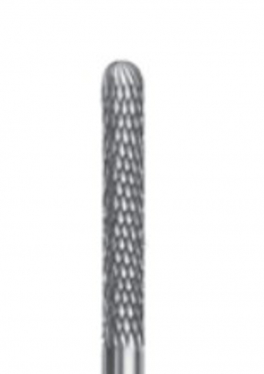 Fresone in carburo di tungsteno con punta cilindrica arrotondata lunga e taglio FX incrociato fine per manipolo dritto.
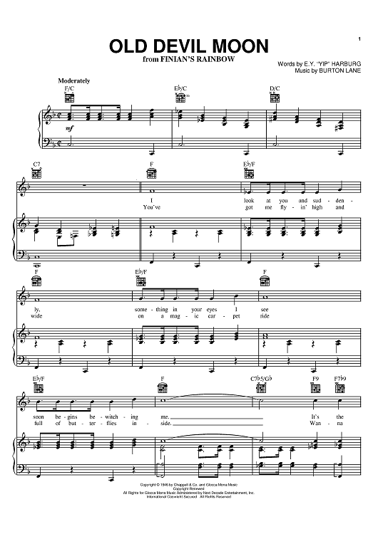 Digital Sheet Music for Old Devil Moon by Burton Lane, E.Y. "Yip" Harburg scored for Piano/Vocal/Chords; id:368493
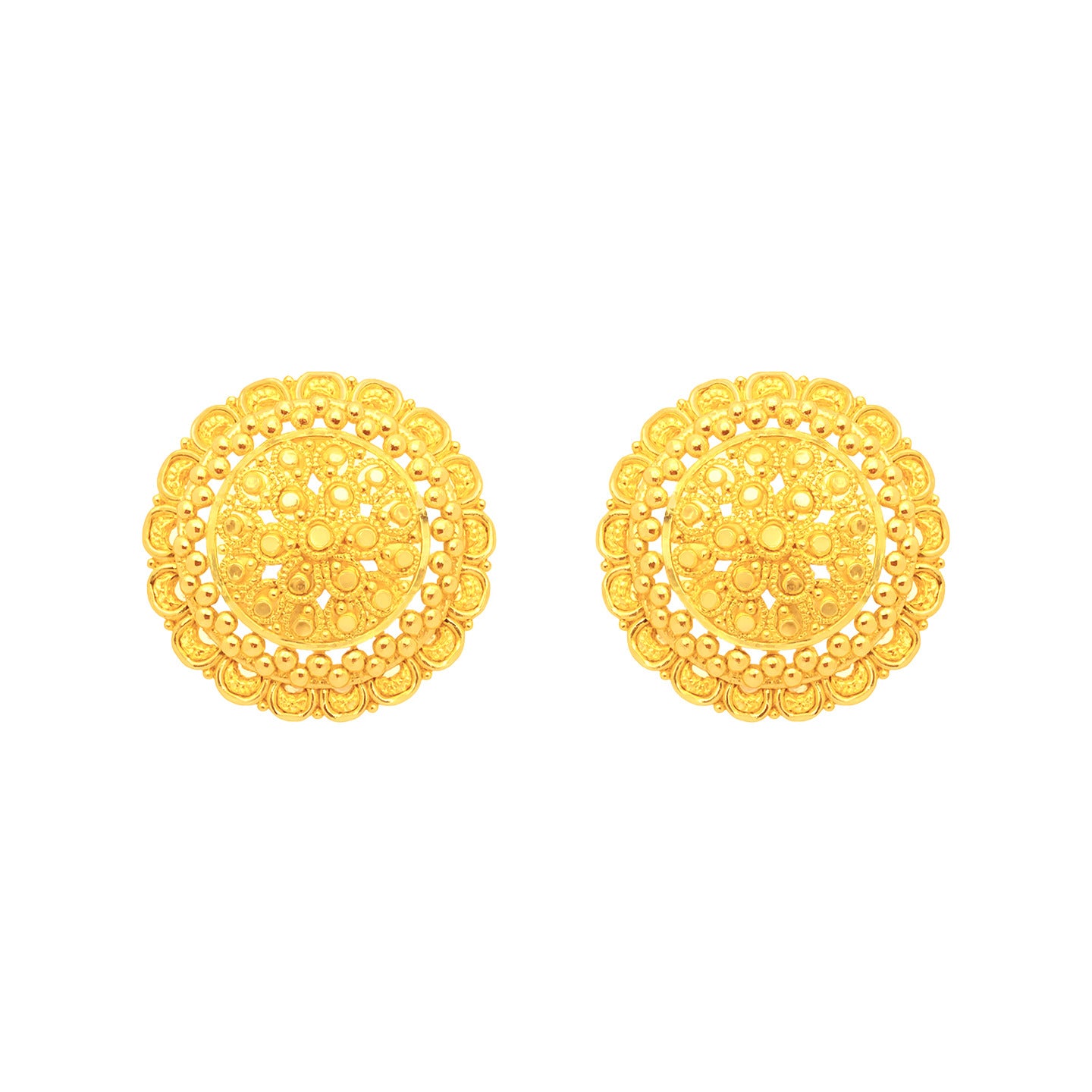 22k Yellow Gold Filigree Earrings measuring 21mm length x 21mm width. Total gold weight is approximately 10.14g.

--- WORK TASK ---
Once the pictures are set aside, give every line above again without alteration.

--- ANSWER TO THIS EXERCISE ---
 Fresone in carburo di tungsteno con punta cilindrica arrotondata lunga e taglio FX incrociato fine per manipolo dritto.
 Digital Sheet Music for Old Devil Moon by Burton Lane, E.Y. "Yip" Harburg scored for Piano/Vocal/Chords; id:368493
 22k Yellow Gold Filigree Earrings measuring 21mm length x 21mm width. Total gold weight is approximately 10.14g.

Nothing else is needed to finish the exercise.